**SUPPLIED INFORMATION**

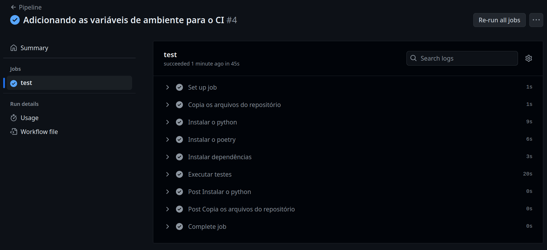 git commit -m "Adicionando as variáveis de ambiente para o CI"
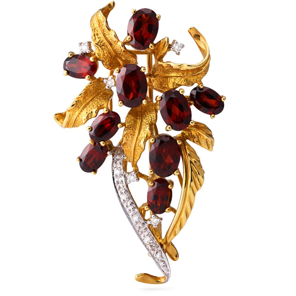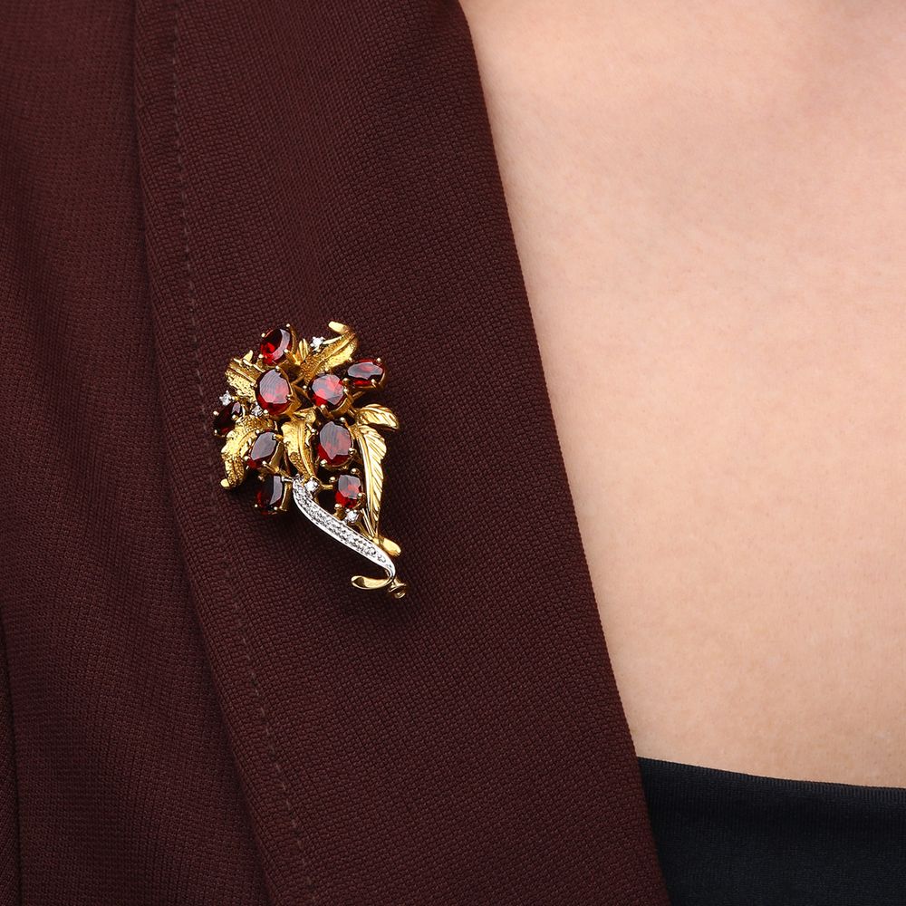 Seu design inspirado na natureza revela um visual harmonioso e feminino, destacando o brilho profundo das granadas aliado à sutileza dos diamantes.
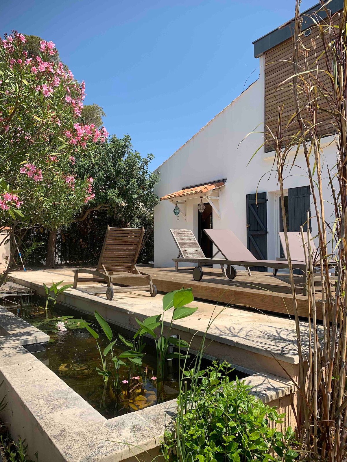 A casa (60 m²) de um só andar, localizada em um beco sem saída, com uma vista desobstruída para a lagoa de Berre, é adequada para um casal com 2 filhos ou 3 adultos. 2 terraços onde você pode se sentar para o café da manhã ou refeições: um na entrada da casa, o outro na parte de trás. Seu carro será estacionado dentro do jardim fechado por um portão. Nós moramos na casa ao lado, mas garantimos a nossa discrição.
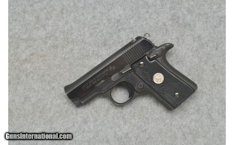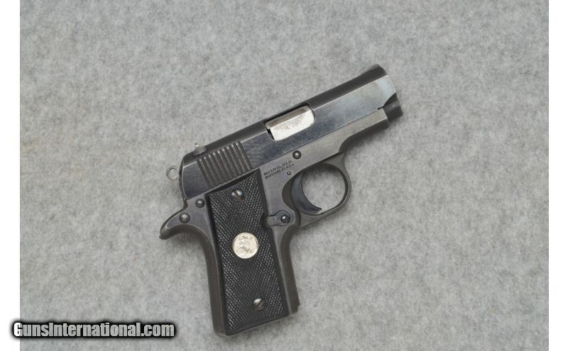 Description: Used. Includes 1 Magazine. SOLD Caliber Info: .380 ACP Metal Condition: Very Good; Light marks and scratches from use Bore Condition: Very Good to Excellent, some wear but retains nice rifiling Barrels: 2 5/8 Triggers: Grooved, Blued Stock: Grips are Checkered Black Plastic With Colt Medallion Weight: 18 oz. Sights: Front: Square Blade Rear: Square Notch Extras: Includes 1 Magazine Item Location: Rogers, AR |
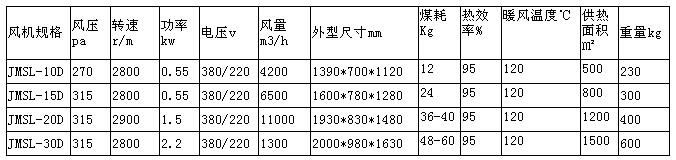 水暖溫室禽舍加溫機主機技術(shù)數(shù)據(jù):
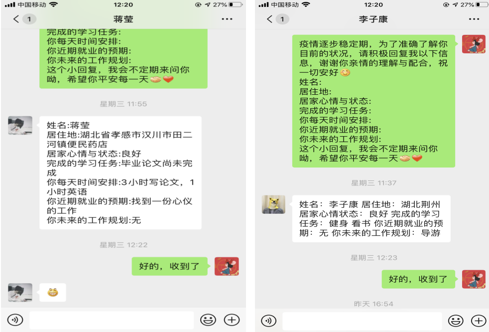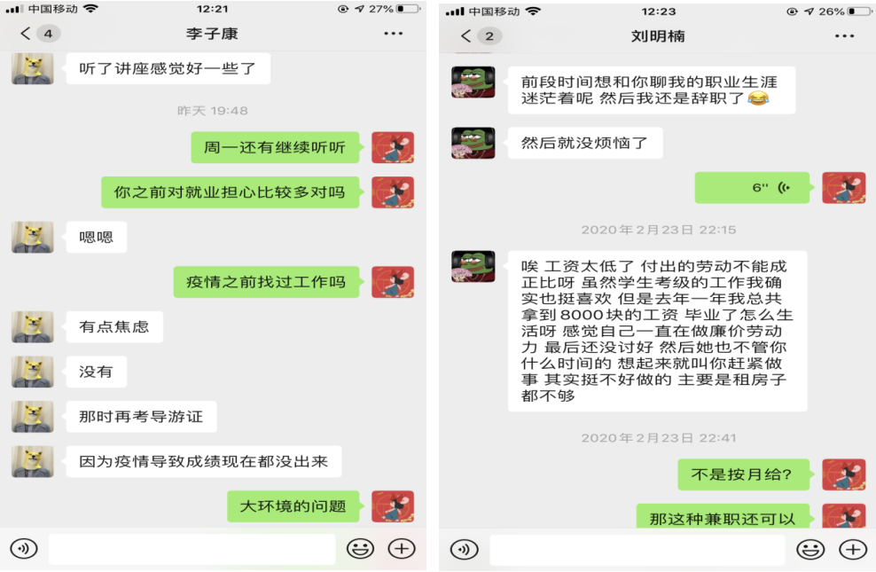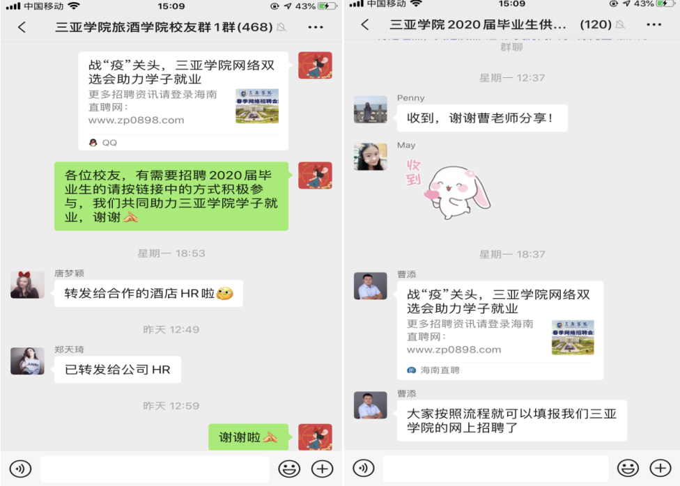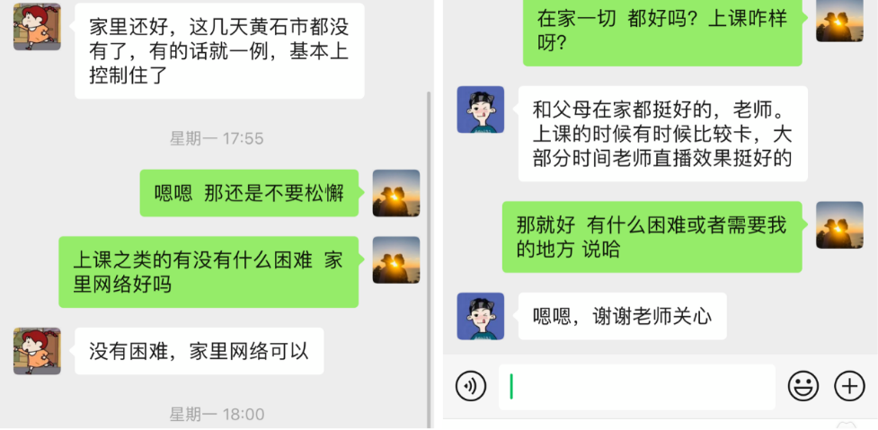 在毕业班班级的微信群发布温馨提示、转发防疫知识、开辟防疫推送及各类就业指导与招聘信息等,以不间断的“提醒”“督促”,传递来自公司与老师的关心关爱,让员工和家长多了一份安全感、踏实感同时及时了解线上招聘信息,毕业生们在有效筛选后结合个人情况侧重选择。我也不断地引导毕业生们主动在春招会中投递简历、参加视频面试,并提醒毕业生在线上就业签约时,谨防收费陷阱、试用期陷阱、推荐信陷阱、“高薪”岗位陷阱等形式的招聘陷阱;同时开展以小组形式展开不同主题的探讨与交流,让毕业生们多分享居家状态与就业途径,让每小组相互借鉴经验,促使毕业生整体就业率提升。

**WHAT THE EXERCISE ASKS**
Return all of the records above exactly as written. Omit each picture.

**ANSWER FOR THE TASK**
 git commit -m "Adicionando as variáveis de ambiente para o CI"
 Seu design inspirado na natureza revela um visual harmonioso e feminino, destacando o brilho profundo das granadas aliado à sutileza dos diamantes.
 A casa (60 m²) de um só andar, localizada em um beco sem saída, com uma vista desobstruída para a lagoa de Berre, é adequada para um casal com 2 filhos ou 3 adultos. 2 terraços onde você pode se sentar para o café da manhã ou refeições: um na entrada da casa, o outro na parte de trás. Seu carro será estacionado dentro do jardim fechado por um portão. Nós moramos na casa ao lado, mas garantimos a nossa discrição.
 Description: Used. Includes 1 Magazine. SOLD Caliber Info: .380 ACP Metal Condition: Very Good; Light marks and scratches from use Bore Condition: Very Good to Excellent, some wear but retains nice rifiling Barrels: 2 5/8 Triggers: Grooved, Blued Stock: Grips are Checkered Black Plastic With Colt Medallion Weight: 18 oz. Sights: Front: Square Blade Rear: Square Notch Extras: Includes 1 Magazine Item Location: Rogers, AR |
 水暖溫室禽舍加溫機主機技術(shù)數(shù)據(jù):
 在毕业班班级的微信群发布温馨提示、转发防疫知识、开辟防疫推送及各类就业指导与招聘信息等,以不间断的“提醒”“督促”,传递来自公司与老师的关心关爱,让员工和家长多了一份安全感、踏实感同时及时了解线上招聘信息,毕业生们在有效筛选后结合个人情况侧重选择。我也不断地引导毕业生们主动在春招会中投递简历、参加视频面试,并提醒毕业生在线上就业签约时,谨防收费陷阱、试用期陷阱、推荐信陷阱、“高薪”岗位陷阱等形式的招聘陷阱;同时开展以小组形式展开不同主题的探讨与交流,让毕业生们多分享居家状态与就业途径,让每小组相互借鉴经验,促使毕业生整体就业率提升。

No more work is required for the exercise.